DATA UNDER STUDY
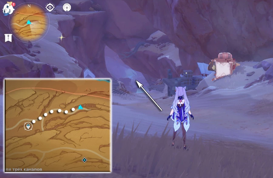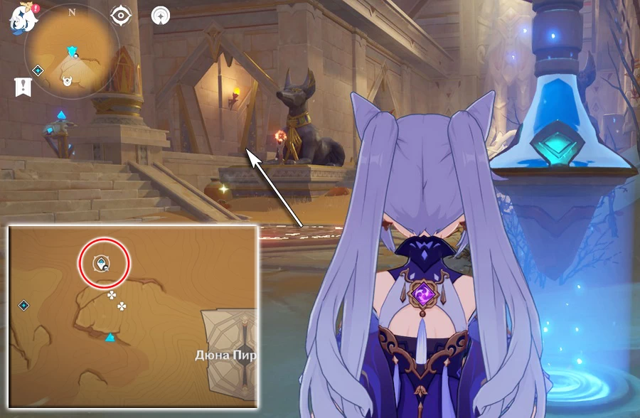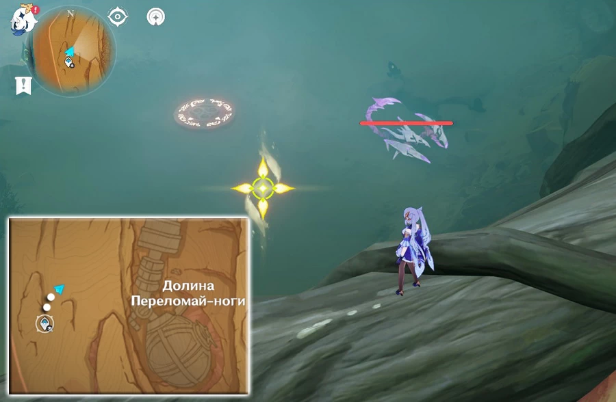 Во-первых, игроки Genshin Impact должны экипировать Сеть всевездесущности из инвентаря на вкладке Гаджет. Обратите внимание, что этот предмет является расходным гаджетом. Другими словами, одну универсальную сеть можно использовать только для поимки одного маленького существа. Телепорт к Статуе Семи к северу от гавани Ли Юэ (Изображение с Genshin Impact)
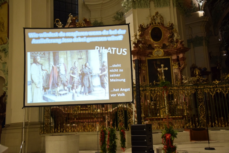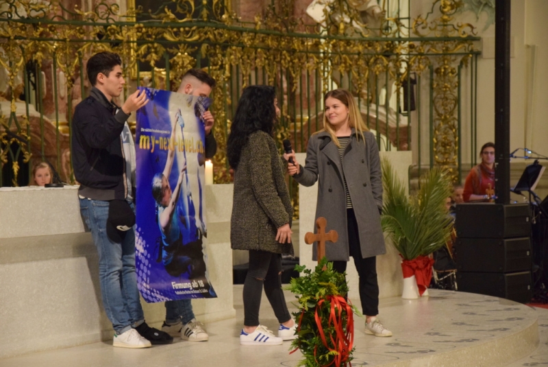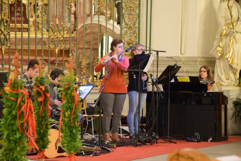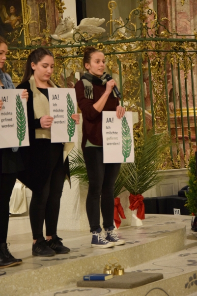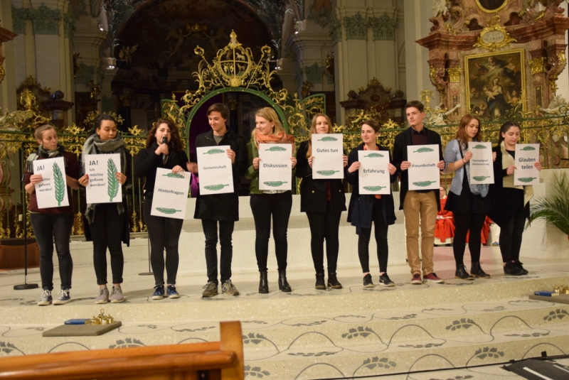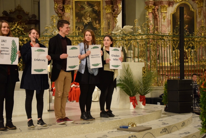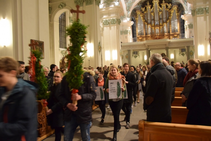 Im crosspoint-Gottesdienste vom Sonntagabend den 20. März 2015 wurde nicht nur Palmsonntag gefeiert, sondern die rund 35 Firmlinge von St.Gallen Zentrum sagten öffentlich JA zu ihrem Glauben und zur Kirche und äusserten so den Wunsch gefirmt zu werden. Jede Firmgruppe tat dies in unterschiedlicher Weise: Plakate, kurze Theaterszenen und sogar Ballone, die symbolisch in den Himmel der Kathedrale aufstiegen gehörten dazu. Musikalisch wurde der Gottesdienst von der crosspoint-Band mitgestaltet.
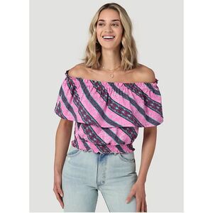Stay cool all summer long in our women's Wrangler Retro candy stripe off-the-shoulder top. Its crafted from 100% cotton for easy wearing and instant comfort. It features a cropped cut, an off-the-shoulder neckline with a fun ruffle overlay, and a smocked waistline that's flattering from every angle. This blouse features a fun striped design that looks great with everything.
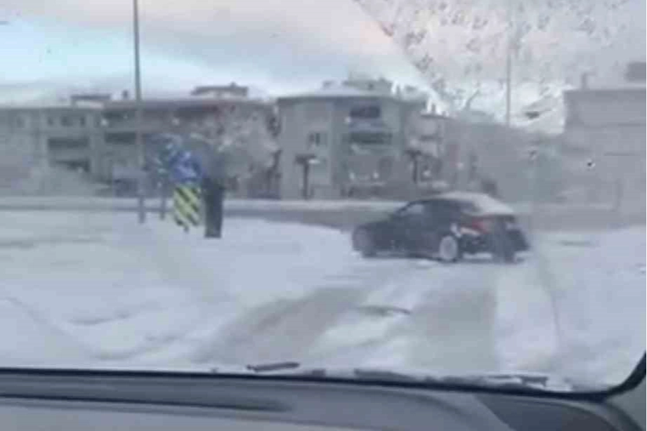 Kentte etkili olan kar yağışıyla birlikte kayganlaşan yollarda tehlikeli anlar yaşandı. Kar yağışını fırsat bilen bir sürücü, otomobiliyle kavşakta drift atarak trafik güvenliğini hiçe saydı. O anlar çevredeki bir vatandaş tarafından cep telefonu kamerasıyla kaydedildi.
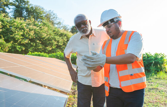 Brazilian landowner watching as technician completes the installation of solar power generation panels on his farm in Brazil
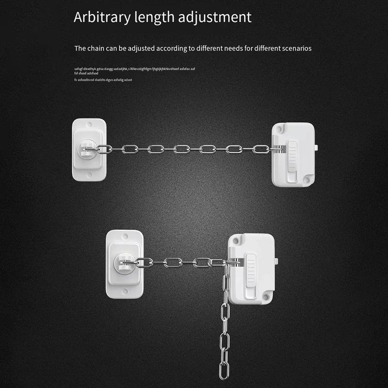 Regulowana łańcuchowa blokada bezpieczeństwa FT756 została zaprojektowana do zabezpieczania okien, szuflad, szafek i drzwi przesuwnych, pomagając zapobiegać przypadkowym upadkom lub urazom niemowląt i zwierząt domowych. Dzięki mocnemu łańcuchowi ze stali nierdzewnej i wytrzymałej konstrukcji ABS, zapewnia niezawodną ochronę bez uszczerbku dla wentylacji i wygody.
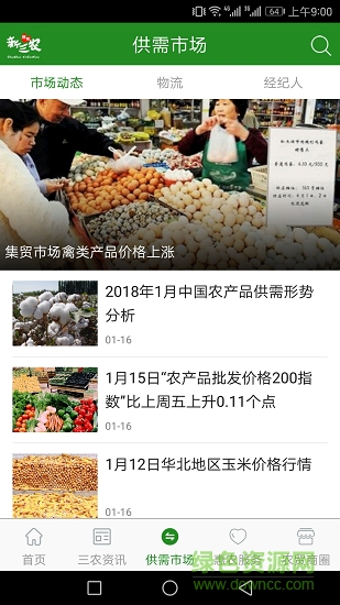 包括“市场动态”、“物流”、“经纪人”三个二级页面,为农民朋友适时了解市场、搞活流通提供有力帮助。

WHAT THIS TASK INVOLVES
Would you write out an exact copy of the entries above, with no images?

ANSWER SECTION
 Во-первых, игроки Genshin Impact должны экипировать Сеть всевездесущности из инвентаря на вкладке Гаджет. Обратите внимание, что этот предмет является расходным гаджетом. Другими словами, одну универсальную сеть можно использовать только для поимки одного маленького существа. Телепорт к Статуе Семи к северу от гавани Ли Юэ (Изображение с Genshin Impact)
 Im crosspoint-Gottesdienste vom Sonntagabend den 20. März 2015 wurde nicht nur Palmsonntag gefeiert, sondern die rund 35 Firmlinge von St.Gallen Zentrum sagten öffentlich JA zu ihrem Glauben und zur Kirche und äusserten so den Wunsch gefirmt zu werden. Jede Firmgruppe tat dies in unterschiedlicher Weise: Plakate, kurze Theaterszenen und sogar Ballone, die symbolisch in den Himmel der Kathedrale aufstiegen gehörten dazu. Musikalisch wurde der Gottesdienst von der crosspoint-Band mitgestaltet.
Stay cool all summer long in our women's Wrangler Retro candy stripe off-the-shoulder top. Its crafted from 100% cotton for easy wearing and instant comfort. It features a cropped cut, an off-the-shoulder neckline with a fun ruffle overlay, and a smocked waistline that's flattering from every angle. This blouse features a fun striped design that looks great with everything.
 Kentte etkili olan kar yağışıyla birlikte kayganlaşan yollarda tehlikeli anlar yaşandı. Kar yağışını fırsat bilen bir sürücü, otomobiliyle kavşakta drift atarak trafik güvenliğini hiçe saydı. O anlar çevredeki bir vatandaş tarafından cep telefonu kamerasıyla kaydedildi.
 Brazilian landowner watching as technician completes the installation of solar power generation panels on his farm in Brazil
 Regulowana łańcuchowa blokada bezpieczeństwa FT756 została zaprojektowana do zabezpieczania okien, szuflad, szafek i drzwi przesuwnych, pomagając zapobiegać przypadkowym upadkom lub urazom niemowląt i zwierząt domowych. Dzięki mocnemu łańcuchowi ze stali nierdzewnej i wytrzymałej konstrukcji ABS, zapewnia niezawodną ochronę bez uszczerbku dla wentylacji i wygody.
 包括“市场动态”、“物流”、“经纪人”三个二级页面,为农民朋友适时了解市场、搞活流通提供有力帮助。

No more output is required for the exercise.